» **Work item**: Under this line is a listing; return exactly the lines starting at the one with "Form Plast - самотвердеющая" and running down to the one with "The popular Textured", and leave out its pictures.

Given data Start Marker

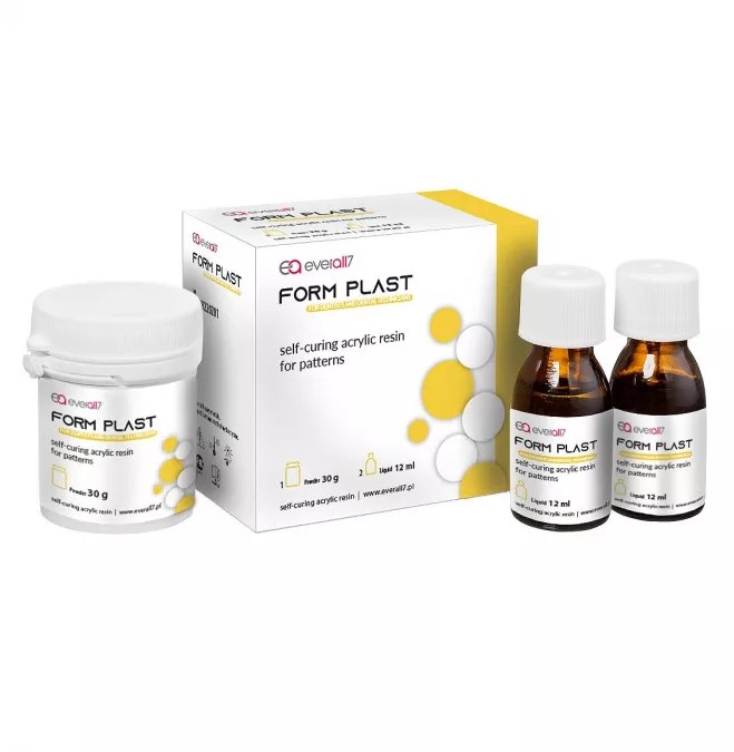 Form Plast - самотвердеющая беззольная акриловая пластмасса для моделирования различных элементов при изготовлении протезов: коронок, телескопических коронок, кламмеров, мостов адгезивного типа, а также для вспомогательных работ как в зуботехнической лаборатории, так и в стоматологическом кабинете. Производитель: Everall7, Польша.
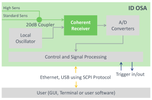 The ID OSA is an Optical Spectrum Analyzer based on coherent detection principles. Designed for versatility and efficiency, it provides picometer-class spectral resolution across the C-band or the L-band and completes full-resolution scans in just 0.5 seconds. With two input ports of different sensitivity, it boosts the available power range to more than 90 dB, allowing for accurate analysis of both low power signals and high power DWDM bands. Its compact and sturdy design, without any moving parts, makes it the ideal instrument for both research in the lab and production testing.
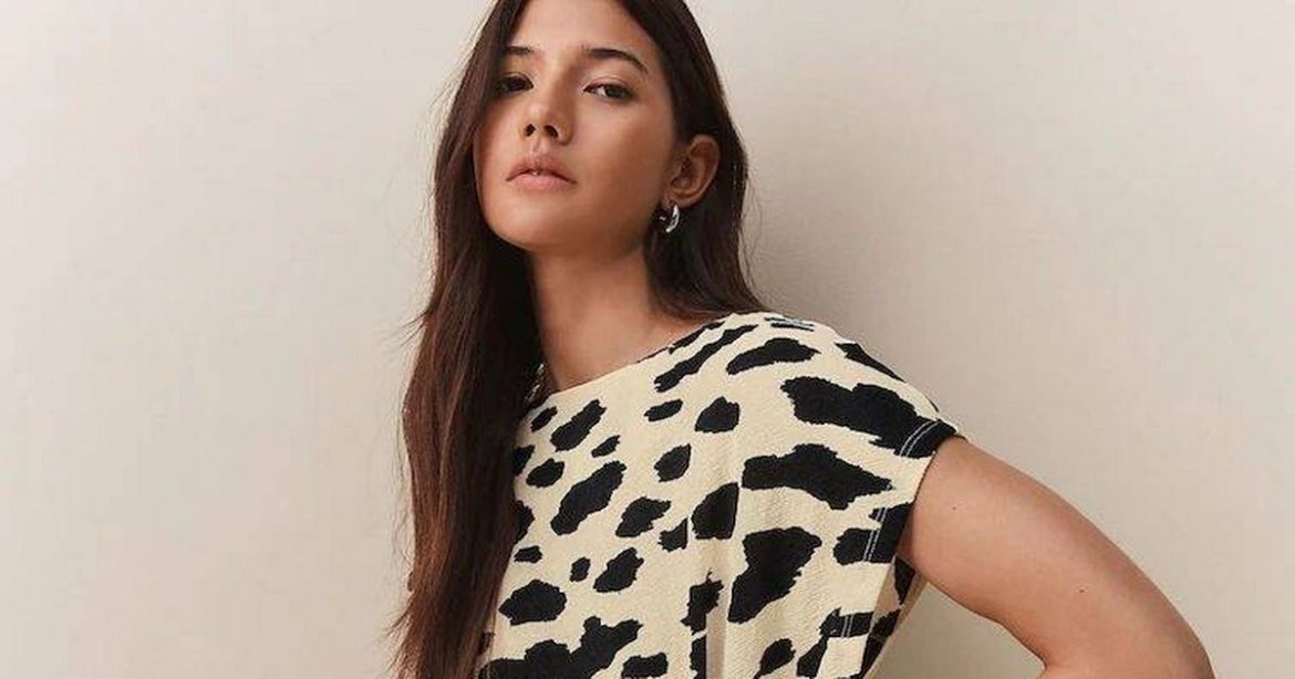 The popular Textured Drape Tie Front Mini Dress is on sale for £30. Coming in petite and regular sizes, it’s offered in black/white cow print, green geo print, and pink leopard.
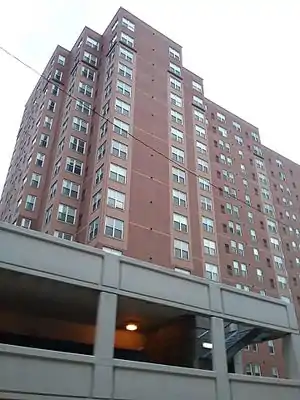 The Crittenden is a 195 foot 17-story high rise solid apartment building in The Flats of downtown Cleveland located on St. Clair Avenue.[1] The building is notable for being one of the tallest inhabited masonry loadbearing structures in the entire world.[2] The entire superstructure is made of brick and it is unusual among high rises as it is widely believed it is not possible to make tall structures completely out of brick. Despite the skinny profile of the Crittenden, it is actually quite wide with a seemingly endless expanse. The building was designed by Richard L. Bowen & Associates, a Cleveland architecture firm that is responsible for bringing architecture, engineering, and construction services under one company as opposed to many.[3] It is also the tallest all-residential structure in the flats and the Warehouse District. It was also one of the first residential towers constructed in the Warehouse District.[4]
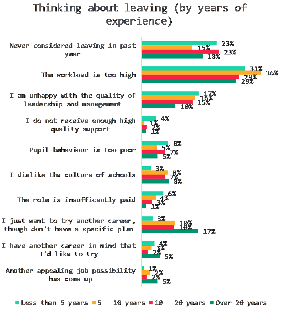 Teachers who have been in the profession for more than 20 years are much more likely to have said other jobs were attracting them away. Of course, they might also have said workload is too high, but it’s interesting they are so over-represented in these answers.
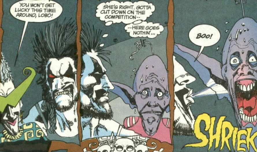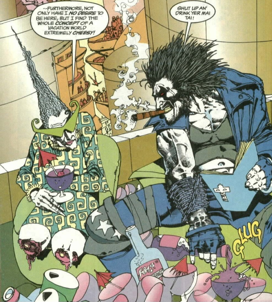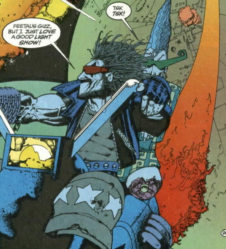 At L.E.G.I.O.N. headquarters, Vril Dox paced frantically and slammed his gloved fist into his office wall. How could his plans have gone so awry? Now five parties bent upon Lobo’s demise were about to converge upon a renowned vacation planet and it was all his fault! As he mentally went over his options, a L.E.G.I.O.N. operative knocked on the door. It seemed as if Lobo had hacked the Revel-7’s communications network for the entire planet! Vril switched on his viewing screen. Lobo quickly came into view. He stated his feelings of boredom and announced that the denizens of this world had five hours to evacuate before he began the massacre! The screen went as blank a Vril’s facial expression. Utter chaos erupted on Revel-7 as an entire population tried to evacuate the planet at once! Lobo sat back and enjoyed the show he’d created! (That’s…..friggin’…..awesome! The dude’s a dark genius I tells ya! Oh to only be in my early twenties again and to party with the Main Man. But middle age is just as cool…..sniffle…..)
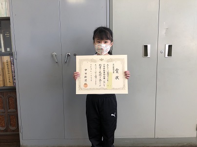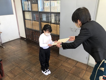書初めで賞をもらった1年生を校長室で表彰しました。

Given data End Marker
Given data Start Marker

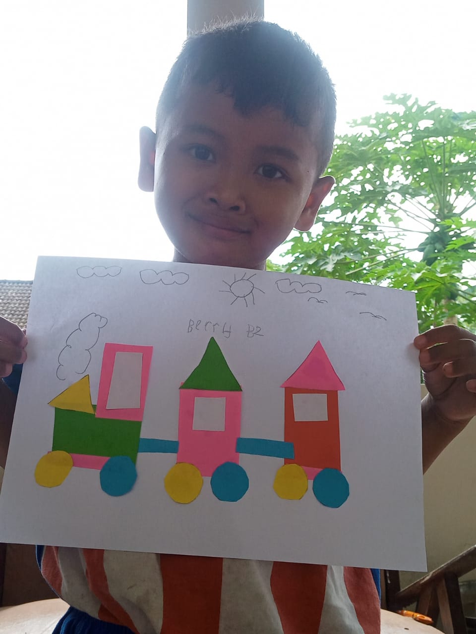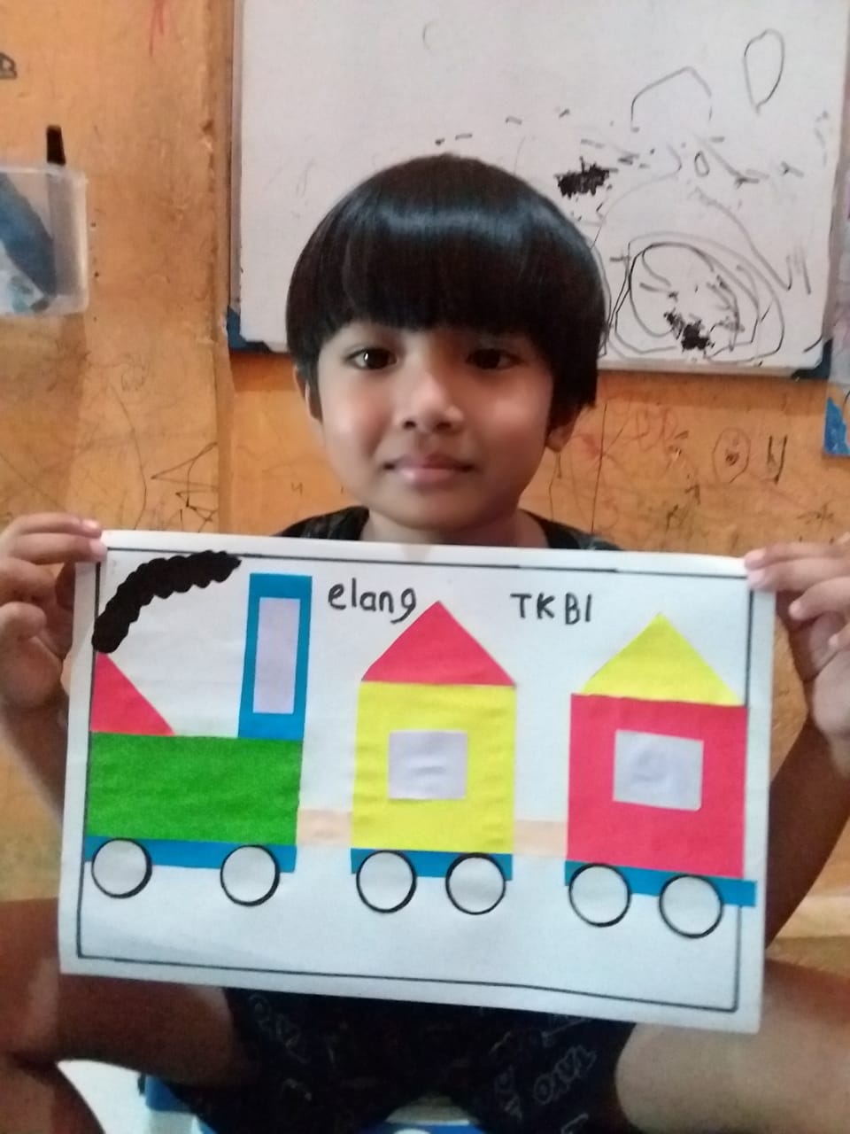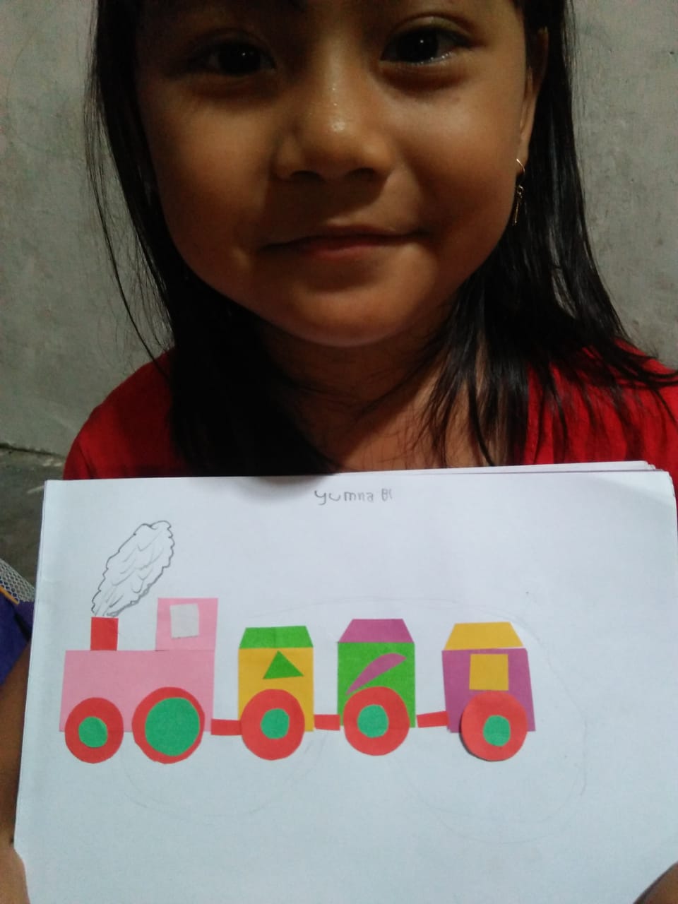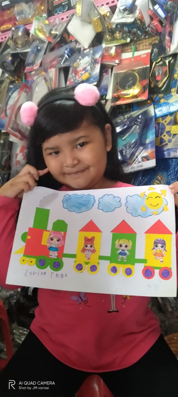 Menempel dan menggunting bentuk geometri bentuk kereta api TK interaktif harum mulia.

Given data End Marker
Given data Start Marker

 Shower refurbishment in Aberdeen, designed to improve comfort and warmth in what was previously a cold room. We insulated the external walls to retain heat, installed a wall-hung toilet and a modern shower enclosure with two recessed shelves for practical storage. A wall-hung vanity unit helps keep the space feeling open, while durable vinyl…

Given data End Marker

» **Response to the task**:
 Form Plast - самотвердеющая беззольная акриловая пластмасса для моделирования различных элементов при изготовлении протезов: коронок, телескопических коронок, кламмеров, мостов адгезивного типа, а также для вспомогательных работ как в зуботехнической лаборатории, так и в стоматологическом кабинете. Производитель: Everall7, Польша.
 The ID OSA is an Optical Spectrum Analyzer based on coherent detection principles. Designed for versatility and efficiency, it provides picometer-class spectral resolution across the C-band or the L-band and completes full-resolution scans in just 0.5 seconds. With two input ports of different sensitivity, it boosts the available power range to more than 90 dB, allowing for accurate analysis of both low power signals and high power DWDM bands. Its compact and sturdy design, without any moving parts, makes it the ideal instrument for both research in the lab and production testing.
 The popular Textured Drape Tie Front Mini Dress is on sale for £30. Coming in petite and regular sizes, it’s offered in black/white cow print, green geo print, and pink leopard.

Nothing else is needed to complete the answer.